Bloomberg, along with five other distinguished professionals, will also receive an honorary degree from Tufts.
"We are delighted to welcome Mayor Bloomberg back to Medford where he will be part of a very distinguished class of honorary degree recipients," University President Lawrence Bacow said in the press release.
Bloomberg, after graduating from Johns Hopkins University and earning his MBA from Harvard Business School, began a career on Wall Street. He worked at Salomon Brothers, an investment bank, and later started the company Bloomberg L.P., which first specialized in financial software and now is also involved in media and publishing.
He is also known for his philanthropy. In 2005 alone, he gave over $140 million to various charities, according to the Associated Press (AP).
In 2001 he became the mayor of New York and in 2005 he was reelected.
Other honorary degree recipients will be Dr.
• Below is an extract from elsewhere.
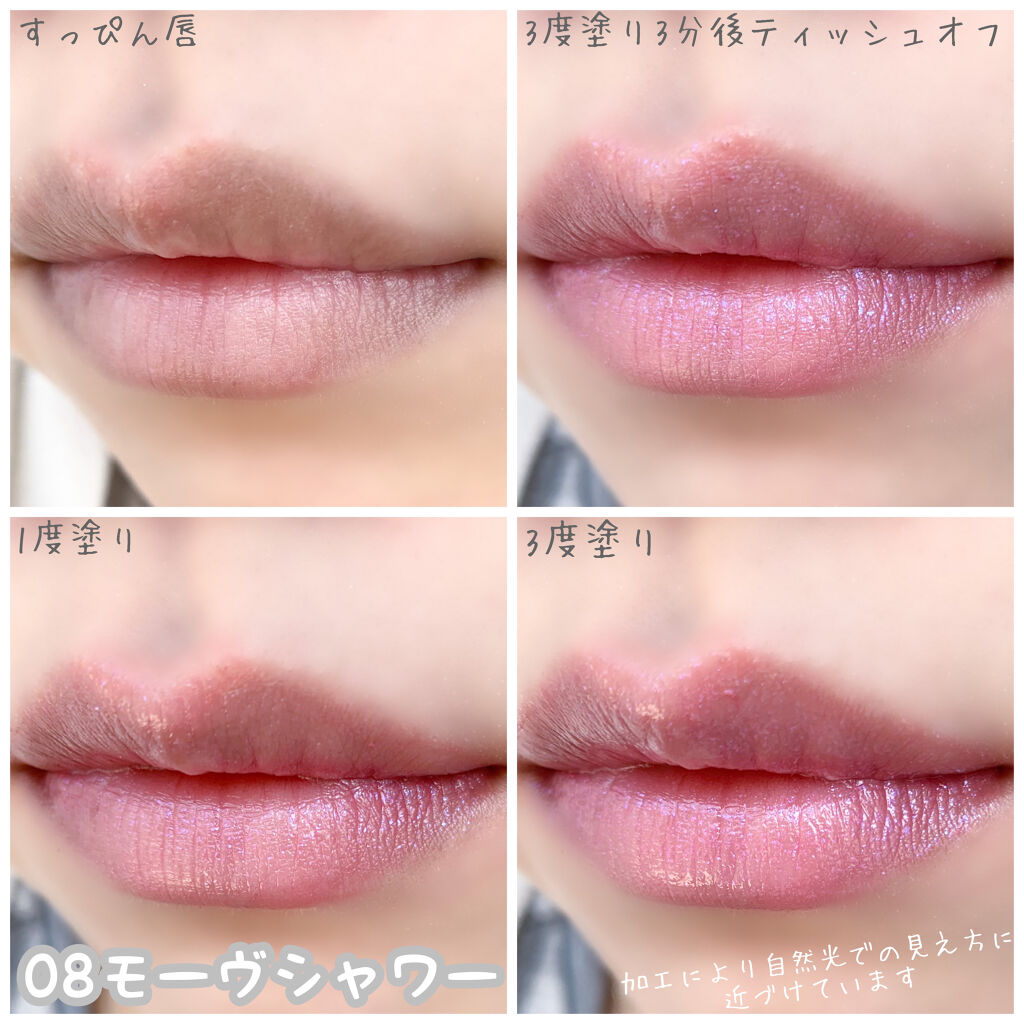 色は紫が入ってるような、淡いピンク色で青み寄りのピンクメイクをする時に凄く合います💕 青ラメ伝わりますかね?他のラメが入ってないリプモンと比べると、ツヤツヤした唇に見える気がしました。 ティッシュオフで擦っても中々青ラメが取れなかったです。

Thomas Jefferson (T.J.) Anderson, a well-known composer and former chair of the Tufts music department; Lord Alec Broers, an expert in nanotechnology, a Member of the House of Lords in England and the chairman of its Science and Technology Select Committee, a former president of England's Royal Academy of Engineering and a former vice chancellor of the University of Cambridge; Captain Frederick H. Hauk, a Tufts alum and an astronaut; Denise Jefferson, a contemporary dance specialist and the director of the Alvin Ailey American Dance Center in New York; and Thomas Schelling, who was one of the winners of the Nobel Prize in Economics in 2005.
"Each has made substantial contributions to society, and we look forward to honoring their achievements as we celebrate with our graduates," Bacow said.